É certo que o capitalismo ofende e distorce a tudo o que realmente faz sentido, ao que abriga valor e identificação, mas o momento é esse. E se há um momento determinado para as chuvas chegarem, as borboletas dançarem e os frutos amadurecerem, certamente há uma razão para que nós, os racionais, vivamos em um sistema como o atual.

O que incomoda, na verdade, é a ausência de valor. E isso nos diversos sentidos que o termo valor possui.

Imagino que seria bem legal se tivéssemos uma nova ordem social cuja fundação se estruturasse em atitudes encharcadas de valores. Valores éticos, por favor.

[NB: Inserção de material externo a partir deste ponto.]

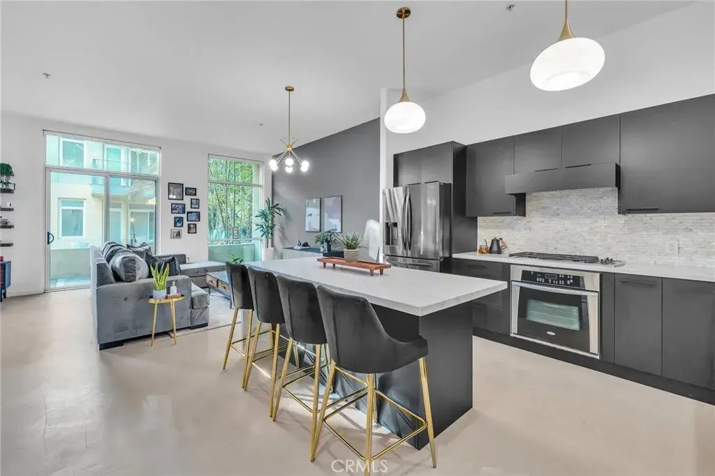 Indulge in the epitome of luxury living at the prestigious "Burbank Collection," where contemporary elegance meets the vibrant LA lifestyle. This exquisite studio residence offers a sophisticated urban retreat, perfectly situated adjacent to The Entertainment Village, home to premium venues such as AMC Theater, Starbucks, Noahs, Tender Greens, Barneys Beanery, and The Yard House, among others. Elevated with impeccable design, this highly upgraded corner unit features a bright, open floor plan with polished concrete floors, soaring ceilings, and striking floor-to-ceiling windows adorned with sleek automatic roll-up privacy shades. Step out onto a spacious private patio, perfect for enjoying serene outdoor moments. At the heart of the home, the beautifully reimagined kitchen stands out with quartz stone countertops, a marble tile backsplash, custom matte black wood cabinetry accented with matte black hardware, and high-end stainless steel and gunmetal black appliances. Designer lighting throughout enhances the expansive living space, making it ideal for entertaining, unwinding, or creating a home workout oasis. The luxurious bathroom offers dual vanities with stone countertops, a separate walk-in shower, and a deep soaking tub, providing a spa-like escape. Additional features include an in-unit stackable washer/dryer, two secure side-by-side garage parking spaces, and a private lockable storage unit. As a resident, you'll enjoy exclusive access to premier HOA amenities, including a sparkling outdoor pool, chic clubhouse with a billiard table, bocce ball court, putting green,

Nada de sair cedo de casa, levando o bebê para o maternal, ansiosamente plugado ao celular, ao som de uma música absurdamente vazia de qualquer beleza para garantir a sobrevivência, para manter a alienação. Nem pensar na possibilidade de compartilhar um mesmo ambiente sem que a gentileza seja a ordem primeira do convívio. Dentre nós, a espontaneidade e a liberdade delimitadas tão somente pelo sentimento intrínseco de respeito a toda criação e ao Criador, são o que garantem a beleza singular que cada um naturalmente possui.

Bom, a goiabeira, abundante em frutos, alimenta os pássaros que, por sua vez, retribuem com os mais diversos cantos e cores. Gentileza, liberdade, oportunidade, trabalho em perfeita harmonia parecem fazer parte apenas da rotina daqueles que permaneceram submetidos às leis universais de tempo e oficio, o que, definitivamente, não aconteceu com nossa espécie.